The story begins with Deeti, who is stuck in an unfortunate marriage. She has a daughter, Kabutri. After her husband dies, she sends off her daughter to stay with relatives. Things get more dire when Deeti is forced to consider the Sati Pratha due to unacceptable family circumstances. In a turn of events, she flees with an untouchable man.
The next character is Zachary. He is an American sailor, a mixed-raced son, who joins the Ibis to escape racism. However, the ship he is on is struck by misfortune. The evangelist opium trader, Burnham, owns the ship that is ready to get through the first voyage from Baltimore to Calcutta, which will be a misfortune. During the journey, many incidents take out the main experienced members. Zachary, helped by sailors headed by Serang Ali, becomes captain of the Ibis. The voyage takes a new route: the Islands of Mauritius.
Another character, Neel Halder, a rajah of a powerful Indian dynasty, has to pay back his debts due to investments in trading with China. He offers Mr. Burnham his estates. Mr. Burnham asks him for the zemindary Rashkani, but the Indian prince refuses because it's an ancestral family property. After the trial, the rajah is falsely accused of forgery and condemned to seven years as a prisoner on Mauritius Island. He meets Ah Fatt, a mixed-race addict, on the ship prison.
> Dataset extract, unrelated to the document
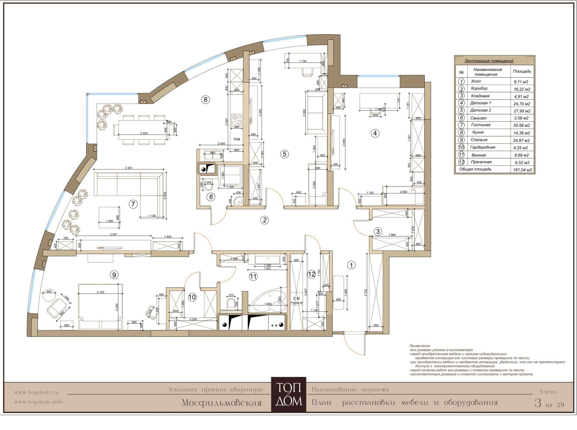 — спецификация дверных проемов- план расстановки мебели и сантехнического оборудования

Paulette is a French orphan adopted by Mr. Burnham and his wife. To be more comfortable with Western culture, she is taught English ways, but she grew up in India and prefers her native manners. She has a best friend, Jodu, who is her nurse's son. When Zachary meets Paulette for the first time at Burnham's, they are immediately attracted to each other. Unfortunately, Mr. Burnham wants Paulette to marry his friend, Justice Kendalbushe. Paulette, disguised as a niece of one of Burnahm's employees, decides to flee to Mauritius with her friend Jodu, a lascar sailor, to stay with Zachary.
The story sees plot developments when Nob Kissin Baboo, a Vaishnavite would-be priest, comes to believe that Zachary is an avatar of Krishna. As long as the journey continues, the Ibis becomes a common shelter for all those who don't fit the rules of society and want to flee in exile. At the end of the novel, Halder and Jodu head for Singapore aboard a longboat while Paulette, Deeti, and Zachary head toward Mauritius.